IV. PERFORMANCE EVALUATION

In this section, we present the experimental results and provide some insight on how to effectively use the approaches in practice. We evaluate the performance of vacation and heterogeneous load distribution approaches from the following aspects: (1) how are the temperature, power and latency affected by different vacation period? (2) How is
the performance affected by different load distribution? We will elaborate our evaluation methodologies of the experiments in the rest of this section.

We use two multicore machines connected over Ethernet, one to generate packets and the other to process them. We are mainly interested in the behavior of the packet processing server. The server is an Intel i7-3770 quad-core processor. The Intel Hyperthreading, Turbo boost, and Enhanced C1 state (C1E) are disabled through BIOS setting and the machine specific register (MSR). The CPU fan speed is set to be fixed at 1000 RPM. Power consumption and temperature readings are collected from the MSR. Our experiments in his section are based on synthetic traces generated by our client with varying traffic rates. The service rates are obtained from executing real network applications. We will present some results with real-world network traces in the next section.

A. The Effect of Vacation Period

In the vacation approach, the design parameters which will affect the packet processing performance are the lengths of working period (\(t_{work}\)) and vacation period (\(t_{vac}\)). Let \(t_{cycle}\) be the cycle time, defined as \(t_{cycle} = t_{work} + t_{vac}\). \(t_{work}\) is chosen to satisfy the stability condition: \(t_{vac} < 1 - \rho\).

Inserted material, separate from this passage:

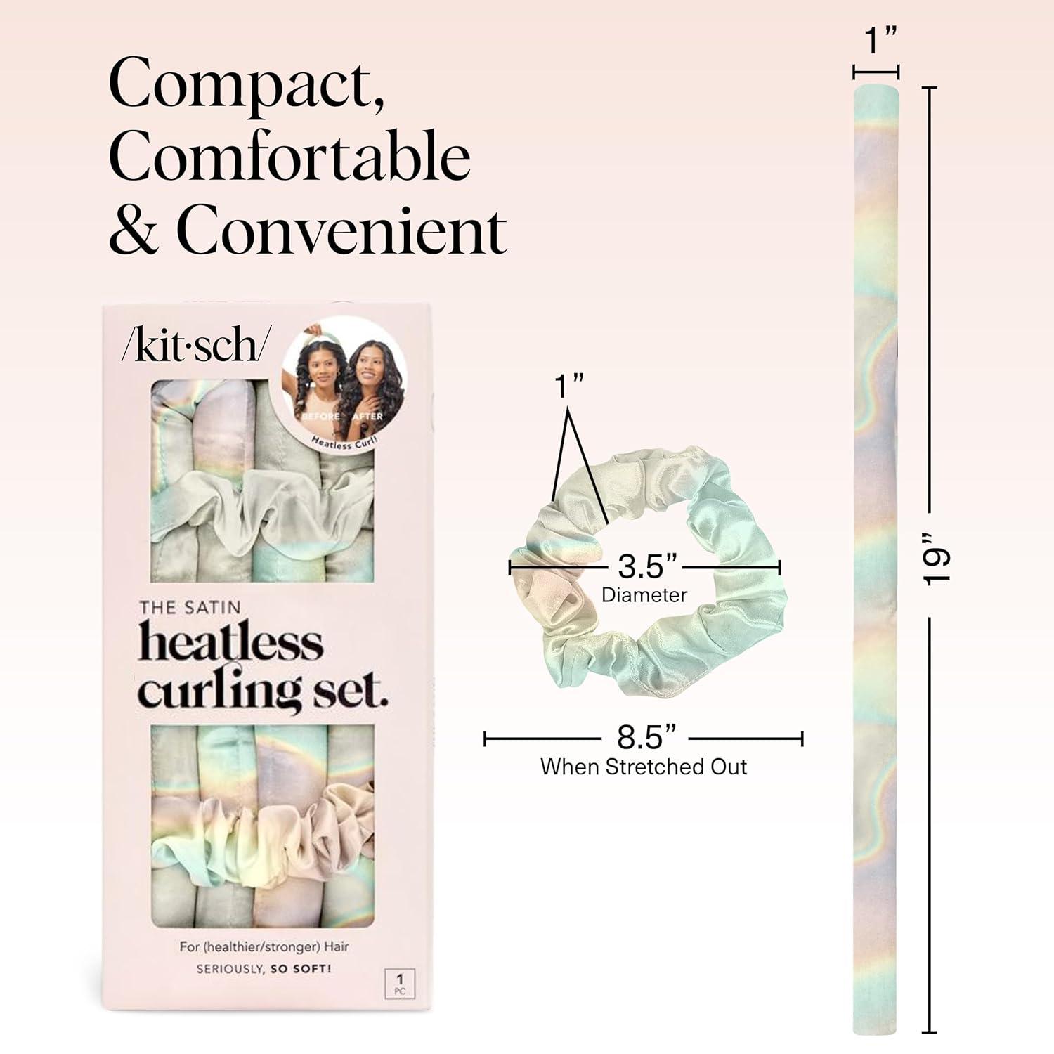 • Hello Kitty x Kitsch Satin Heatless Hair Curler Set – Heatless Curls Overnight, Hair Rollers for Soft Curls & Frizz-Free Styling, No Heat Curlers To Sleep in, Curling Rod Headband – Pink Kitty Faces(01 Sunset Tie Dye)

In Fig. 7, we vary \(t_{vac}\) from 0 to 900 μs (x-axis), where \(t_{vac} = 0\) represents the default scenario without applying our approach. Also, the incoming traffic varied from \(\rho = 0.1\) to 0.9, representing the throughput of 24711 to 225480 packets per second. Furthermore, the incoming traffic is evenly distributed among cores. The detailed discussions are presented below.

Temperature:

Temperature rise is defined as the difference between the idle temperature and active temperature. In these experiments, we first let the all four cores idle for 300 seconds and measure the temperature. Then we run an application CRC for 300 seconds and record the temperature reading every 10ms. We take average of the temperature of last 60 seconds and four cores for every run. From Fig 7a, we can see that the temperature decreases as \(t_{vac}\) increases. The temperature cool-down brought from continuous and deep idle state is more significant. The reason is that under low traffic load, there exists a large amount of short idle period. These short idle periods are packed into a long vacation period, and allow the processor to have enough time to enter deeper C-state. On the other hand, under high traffic load, the idle period is still not long enough because that the working period has to increase to satisfy the stable condition. At \(t_{vac} = 200\) and 400μs, the temperature reduction increases because of the entry into C3 and C6 state, respectively. Also, when \(\rho\) increases, load during the working period increases, which causes increase of the temperature, and the decrease of the range of \(t_{vac}\).

Power Consumption:

The power consumption results are given in Fig. 7b. We can see that it achieves more than 20% of power saving under low traffic load (\(\rho<0.4\)), and 30% when \(\rho=0.1\). However, the effect of power saving is diminished when traffic load is high. We can also observe this through \(t_{vac}\). When \(t_{vac}\) is smaller than 200 μs, we can see that the power saving is insignificant, because the short \(t_{vac}\) will stop the processor from entering deep C-states (C3 and C6). Also, we can notice that the power consumption drops significantly at \(t_{vac} = 200\) and 400 μs, corresponding to the entrance of C3 state and C6 state in the vacation period.

Latency:

The down side of introducing forced vacation period is that it will increase the average packet latency. However, the latency for processing a TCP flow will not increase very much. Fig. 7c shows that the individual packet latency increases almost linearly as \(t_{vac}\) increases. There are two factors that will cause this latency to increase. First, when \(t_{vac}\) is larger, which means longer vacation period, the packets arriving during vacation will have to wait for longer time for processing. Second, the packets arriving during the working period will have to wait for the packets already in the queue due to vacation to be processed. The longer the vacation period, the more packets are in the queue, thus longer is the waiting period.

C-states residency:

To further show that vacation approach achieves power saving through the use of processor C-states, we record the time that the processor resides in different C-states. Fig. 8 shows the C-states residency for \(\rho = 0.3\) while \(t_{vac}\) is varied from 0 to 700, the total idle time is 206 seconds. We can see that when \(t_{vac} = 0\), processor spends more than 95% of the idle time in C1 state, the least power saving mode. When \(t_{vac}\) increases to 200μs, the cores will enter C3 state during vacation period. When \(t_{vac}\) further increases beyond 300, cores will enter C6 state and achieve higher power saving because there is long enough vacation period.
in Fig. 7a and 7b, the readings drop significantly $t_{vac} = 200$ and 400μs, corresponding to the cores entering the C3 and C6 states.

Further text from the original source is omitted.